Culture & Traditions, Tuesday, 17 January 2006


Thoughts on Sinulog as a Secular Festival

Festivals are public events celebrated or held either for religious reasons or secular purposes. The activities often involve carefully planned programs or ceremonies, outpourings of admiration, rejoicing, or high revelry. In many cases, especially in pious societies, traditional secular celebrations normally include a religious service.

But secular celebrations, as distinguished from religious observances, are not centered on the holy significance of the event. In a general sense, a secular festival is held purposely as a public honoring of outstanding persons, or to commemorate important historical or cultural events, or to re-create cherished folkways.

The origin of communal celebration is a matter of assumption among scholars. Folklorists believe that the first festivals arose because of the anxieties of early peoples who did not understand the forces of nature and wished to conciliate with them. The most ancient festivals were associated with planting and harvest times or with honoring the dead.
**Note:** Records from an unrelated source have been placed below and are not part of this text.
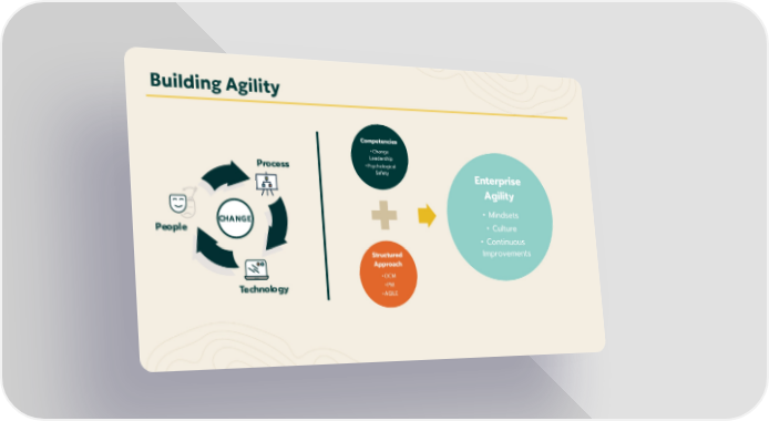 Building Agility Competencies • Change Leadership • Psychological Safety Structured Approach •OCM •PM •AGILE Enterprise Agility • Mindsets • Culture • Continuous Improvements Change Leadership & Organizational Change Management (OCM) Overview Page 2 Video Player is loading.Play VideoPlaySkip BackwardSkip ForwardMuteCurrent Time 0:00/Duration -:-Loaded: 0%0:00Stream Type LIVESeek to live, currently behind liveLIVERemaining Time --:- 1xPlayback RateChaptersChaptersDescriptionsdescriptions off, selectedCaptionscaptions settings, opens captions settings dialogcaptions off, selectedAudio TrackPicture-in-PictureFullscreenThis is a modal window.The media could not be loaded, either because the server or network failed or because the format is not supported.Beginning of dialog window. Escape will cancel and close the window.TextColorWhiteBlackRedGreenBlueYellowMagentaCyanOpacityOpaqueSemi-TransparentText BackgroundColorBlackWhiteRedGreenBlueYellowMagentaCyanOpacityOpaqueSemi-TransparentTransparentCaption Area BackgroundColorBlackWhiteRedGreenBlueYellowMagentaCyanOpacityTransparentSemi-TransparentOpaqueFont Size50%75%100%125%150%175%200%300%400%Text Edge StyleNoneRaisedDepressedUniformDrop shadowFont FamilyProportional Sans-SerifMonospace Sans-SerifProportional SerifMonospace SerifCasualScriptSmall CapsResetDoneClose Modal DialogEnd of dialog window.
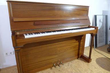 Ein edles Klavier aus Kitzingen kommt hier als gepflegter Erstbesitz in den Verkauf. Gehäuse aus ansprechendem Nußbaumholz. ( Es muß ja nicht immer nur schwarz hochglanz sein. Rennermechanik und bestes Klangholz.
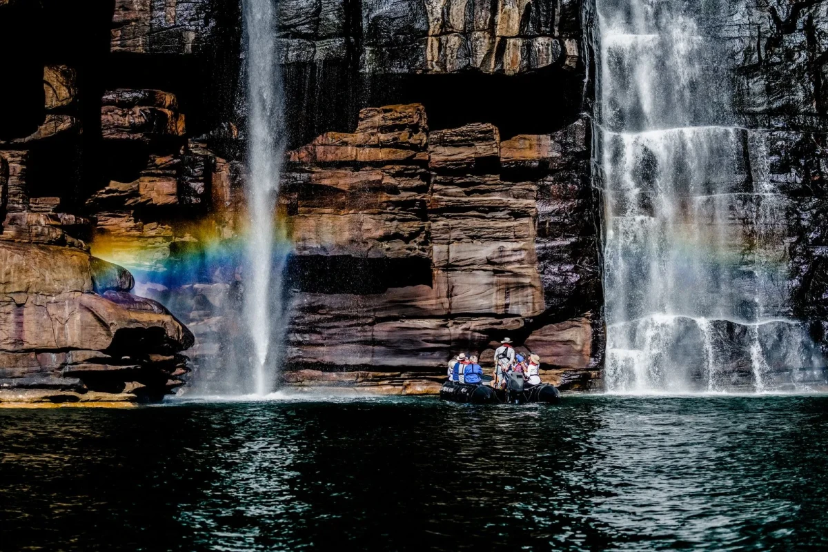 The journey up the King George River is nothing short of breathtaking. The 80-metre-high sides of the gorge display varying degrees of weathering of the ancient Warton sandstone. The colours and textures of the gorge change with the light as you travel further up the river creating a continual changing scenery that is simply stunning. The journey culminates at the King George twin falls; the highest single-drop falls in the whole of the Kimberley (80 m or 260 ft). Fed by wet season run-off the level of water cascading over the falls varies from year to year. Your Expedition Team will escort you in either the zodiacs or ships tenders to the foot of the twin falls, and explain all about the stunning geological formations of the canyon.

There is general agreement that festivals came about as man's way of communicating with divine beings and are, therefore, originally religious in nature. But as these celebrations became a fixture in man's way of life, they soon took on dimensions other than religious. Many have continued into the modern times as secular festivals-still with some religious overtones, but only as a matter of historical connection.

The Sinulog, as a secular festival, fits this description. It may have started as a personal dance of supplication-for safety, good health, fair weather, and abundant harvest. Then, perhaps, people thought it would be more effective if they pooled their prayers together. So they began to dance the Sinulog in groups. And when they did, it began to look like a public celebration.
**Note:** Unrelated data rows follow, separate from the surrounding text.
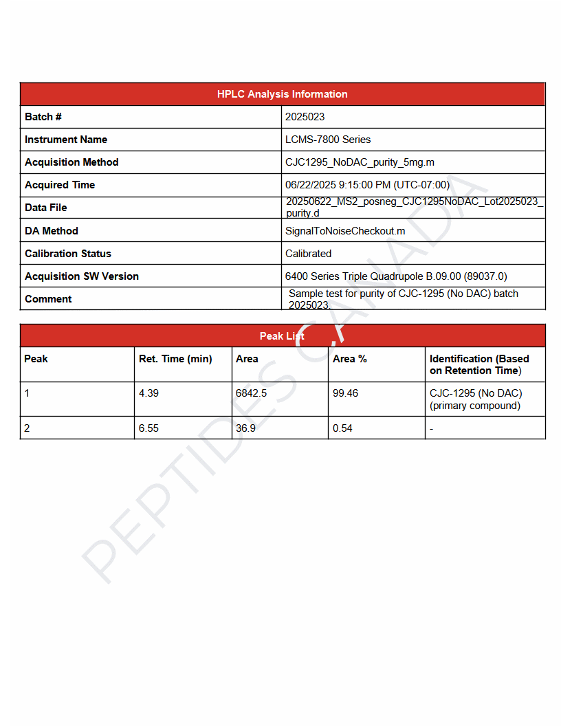 CJC-1295 (No DAC) is available for research and laboratory purposes only. Not for human consumption.
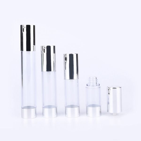 Pearly 10ml 15ml 20ml 30ml silver plastic plating cap less slide nozzle factory price airless pump bottle
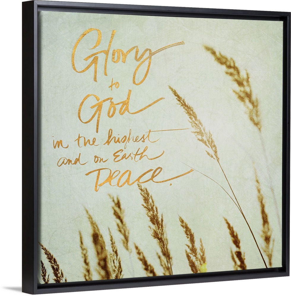 <p>Square photograph of the tips of beach grass swaying in the wind with the quote "Glory to God in the highest and on Earth peace" written on the side in metallic gold.</p>
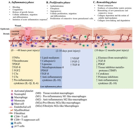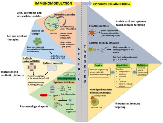 Successful wound healing requires the coordinated activities of multiple cell types that constitute the inflammatory and regenerative response following tissue injury. While mesenchymal stem cells (MSCs), endothelial cells, keratinocytes and fibroblasts have a central role in the regenerative phase, immune cells such as neutrophils, monocytes, macrophages, mast cells, T and B lymphocytes, myeloid-derived suppressor cells (MDSCs) and dendritic cells (DCs) respond to inflammatory triggers transmitted from the wound site, become activated and undergo cell proliferation, differentiation and migration [,]. Identifying cytokines, essential growth factors, matrix components and diverse cellular populations present at the wound site during normal and impaired healing promotes the development of promising therapeutic intervention for clinical applications. Principally, the wound healing process starts immediately after an injury, with a surge of inflammatory cells, clotting factors and cytokines, responding to external stimuli. There are many approaches to improving the healing process; however, tuning the inflammatory phase to an appropriate response, which is not found in aberrant healing scenarios, will almost certainly set the stage for optimal regeneration of the injured tissue []. This review outlines the immunological processes occurring during healing of cutaneous wounds following traumatic extremity injury and aims to discuss the current immunomodulatory approaches to regulate inflammation following an acute injury. Further, it enunciates the advancements in the emerging immune-targeting and immune engineering approaches applied in several wound healing and regeneration studies.

For a long, long time after the native Cebuanos were converted to Christianity, the Sinulog was performed by individual dancers that would gather into a small group at church patios. There was no uniformed choreography; each dancer invented his or her own steps. This particular Sinulog dance, a dance of prayer, is still evident today among old women dancers at the Basilica del Santo Niño. This is the religious Sinulog.
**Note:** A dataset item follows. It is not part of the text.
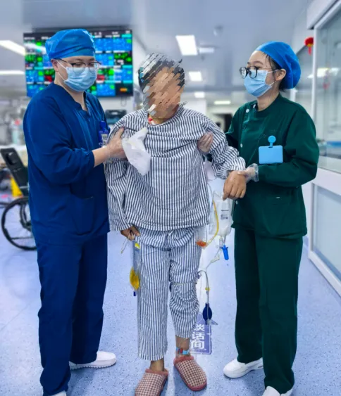 55岁的黄云云(化名)因外科术后严重肺不张陷入绝境:呼吸费力、氧合难以维持,多次尝试脱离呼吸机均失败。更棘手的是,术后疼痛与对病情的恐惧让她一度抗拒康复。“在传统观念里,ICU患者应以卧床静养为主,但现代重症医学证明,早期康复介入是预防并发症、缩短病程的关键。”重症医学科护士长梁敏介绍,针对黄云云的情况,康复治疗师、主管护师田兰制定了“阶梯式”个体方案:从辅助有效咳痰、床上呼吸训练起步,逐步过渡到坐位呼吸锻炼、下床行走,康复干预与生命支持同步推进。面对患者因咳嗽牵动伤口的疼痛顾虑,田兰用手法固定辅助其咳嗽,耐心讲解每一步训练的意义;护理团队每日陪她练习,从“被动配合”到“主动要求”。短短几天,黄云云从抗拒治疗到主动配合,最终在医护搀扶下迈出ICU的第一步。“没想到在ICU还能下地,是护士给了我活下来的信心。”她的感慨,道出了无数患者的心声。从“单兵作战”到“团队标配”:

The dance that is performed during the Sinulog grand parade is something else. It is Cebu City's cultural festival, in much the same way that Kadaugan sa Maktan of Lapulapu City is a historical celebration and the Panagbenga of Baguio City a seasonal festival.

It is, of course, out of place for one to go and watch or participate in the Sinulog parade as a form of prayer.

But some people think that it is irreverent to make a religious exercise into something else, like, for instance, in the case of Sinulog. The complaint is mostly coming from those belonging to the Christian faith. It must be remembered, though, that this prayer dance was not even Christian in the first place. To this day, the performance of the religious Sinulog is restricted to the small yard fronting the church entrance. It is not clear whether the Catholic Church recognizes the ritual dance as a creditable Christian practice.

Yet the opposition to the frenzied, mischievous behavior that often show up during the Sinulog parade is, indeed, a point worth looking into. If Sinulog is to be an authentic cultural festival, perhaps there is need to dig deeper into its history, to see if in the olden days-back in the time of pagan Cebu-rowdiness and hoots were actually parts of the original Sinulog dance.

As societies change, the characteristics of their traditional festivals may also change. New festivals, like the Sinulog, emerge as others fade away. Today, we no longer have the linambay, a theatrical festival famous in old Cebu. Some festivals remain unaltered for generations, but many that survive have taken on different characteristics.

The value of Sinulog as a secular festival is obvious. For participants, it is a tonic. For observers, it is a spectacular entertainment. And it brings a corresponding dynamism to the local economy. This, however, is not to say that the same benefits would not have been enjoyed if this annual festival remained as a highly dignified event.